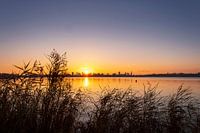 Prachtige zonsondergang over de Kralingse Plas met kleurrijke hemel weerspiegelt in de stille wateren van het meer in Rotterdam, Nederland.
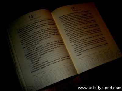 Первое, что привлекло меня, когда я получила книгу в руки — её дизайн. На обложке красуется синяя Birkin, которая красной нитью проходит через весь роман. Внутри книга выполнена в виде ежедневника, остановившегося на дате 14 января, пятница (очевидно, это был 2011 год).
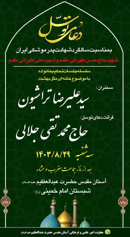 اخبار کوتاه حضرت عبدالعظیم شهری صبح قلعه نو: آبان 27, 1403 خبرنگار وبگاه صبح قلعه نو 0 دیدگاه #اطلاع_رسانی سلسله جلسات تحکیم خانواده با عنوان “خانه ای مثل بهشت” و قرائت دعای توسل سخنران: حجت الاسلام و المسلمین سید علیرضا تراشیونقرائت دعا: حاج محمد تقی جلالی سه شنبه ۲۹ آبان ماه بعد از نماز مغرب و عشاء شبستان امام خمینی(ره) حرم مطهر حرم حضرت عبدالعظیم(ع)
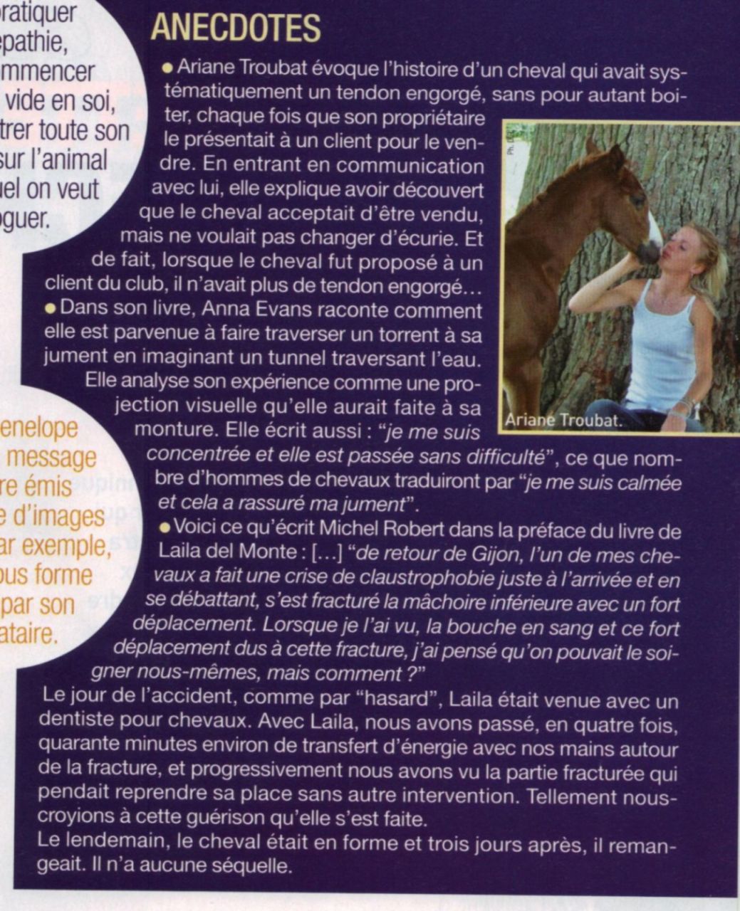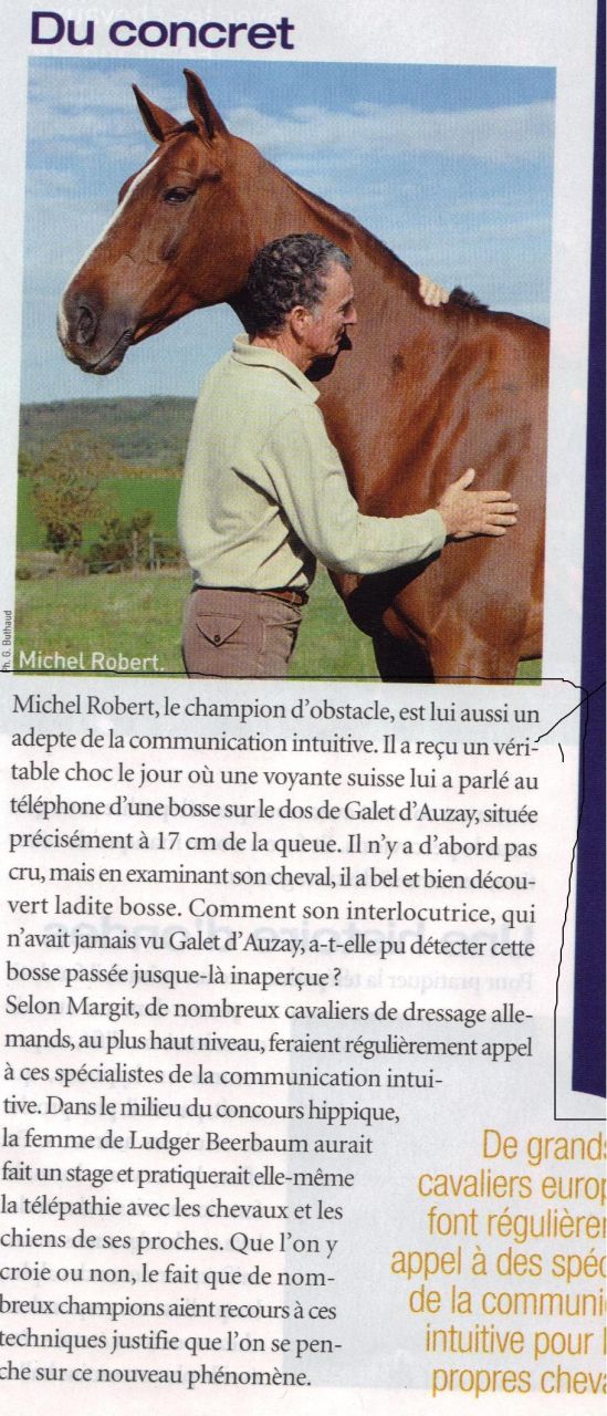 | Dire merci | renseignez vous avant de faire les "juda"(je crois se que je vois) les plus grands cavaliers comme: -margit Otto-crepin(championne d'europe et vice championne olympique)ET femme d'affaire plutot rationnelle donc la tête sur les épaules plus, -michel Robert Tous sont adepteS de cette NOUVELLE pratique si franck y crois et que sa peut l'aider dans sa tristesse et BIEN POURQUOI PAS moi j'ai essayer alors je sais de quoi je parle et je ne carbure pas au cactus allucinogénes |

________

Where the line containing "اخبار کوتاه حضرت" appears above, start there and set down each line exactly through the last line of the data; leave out every picture.

▶ [OUTPUT BELOW]
 اخبار کوتاه حضرت عبدالعظیم شهری صبح قلعه نو: آبان 27, 1403 خبرنگار وبگاه صبح قلعه نو 0 دیدگاه #اطلاع_رسانی سلسله جلسات تحکیم خانواده با عنوان “خانه ای مثل بهشت” و قرائت دعای توسل سخنران: حجت الاسلام و المسلمین سید علیرضا تراشیونقرائت دعا: حاج محمد تقی جلالی سه شنبه ۲۹ آبان ماه بعد از نماز مغرب و عشاء شبستان امام خمینی(ره) حرم مطهر حرم حضرت عبدالعظیم(ع)
 | Dire merci | renseignez vous avant de faire les "juda"(je crois se que je vois) les plus grands cavaliers comme: -margit Otto-crepin(championne d'europe et vice championne olympique)ET femme d'affaire plutot rationnelle donc la tête sur les épaules plus, -michel Robert Tous sont adepteS de cette NOUVELLE pratique si franck y crois et que sa peut l'aider dans sa tristesse et BIEN POURQUOI PAS moi j'ai essayer alors je sais de quoi je parle et je ne carbure pas au cactus allucinogénes |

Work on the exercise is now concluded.